Having just looked at
ASCII strings to Unicode in C++[
^], here's my preferred solution to this part of the never-ending story of
string
conversion:
#include <locale>
#include <string>
std::wstring widen(const std::string& str)
{
std::wstring wstr(str.size(), 0);
#if _MSC_VER >= 1400 // use Microsofts Safe libraries if possible (>=VS2005)

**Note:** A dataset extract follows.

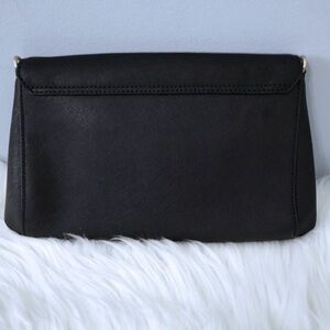 Excellent/Like New Black Saffiano leather crossbody bag by Kate Spade. Features a sleek gold shoulder chain strap and the matching adjustable kate spade Saffiano black leather crossbody strap.

std::use_facet<std::ctype<wchar_t> >(std::locale())._Widen_s
(&str[0], &str[0]+str.size(), &wstr[0], wstr.size());
#else
std::use_facet<std::ctype<wchar_t> >(std::locale()).widen
(&str[0], &str[0]+str.size(), &wstr[0]);
#endif
return wstr;
}
std::string narrow(const std::wstring& wstr, char rep = '_')
{
std::string str(wstr.size(), 0);
#if _MSC_VER >= 1400
std::use_facet<std::ctype<wchar_t> >(std::locale())._Narrow_s
(&wstr[0], &wstr[0]+wstr.size(), rep, &str[0], str.size());
#else
std::use_facet<std::ctype<wchar_t> >(std::locale()).narrow
(&wstr[0], &wstr[0]+wstr.size(), rep, &str[0]);
#endif
return str;
}
Yes, it does look nasty - but it is the way to go in pure C++. Funny enough, I never found any good and comprehensive documentation on C++ locales, most books tend to leave the topic unharmed.
By using the standard constructor of
std::locale
in the functions, the "C" locale defines the codepage for the conversion. The current codepage can be applied by calling
std::locale::global(std::locale(""));
before any call to
narrow(...)
or
widen(...)
.
One possible problem with this code is the use of multi-byte character sets. The predefined size of the function output strings expects a 1:1 relationship in
size()
between the
string
formats.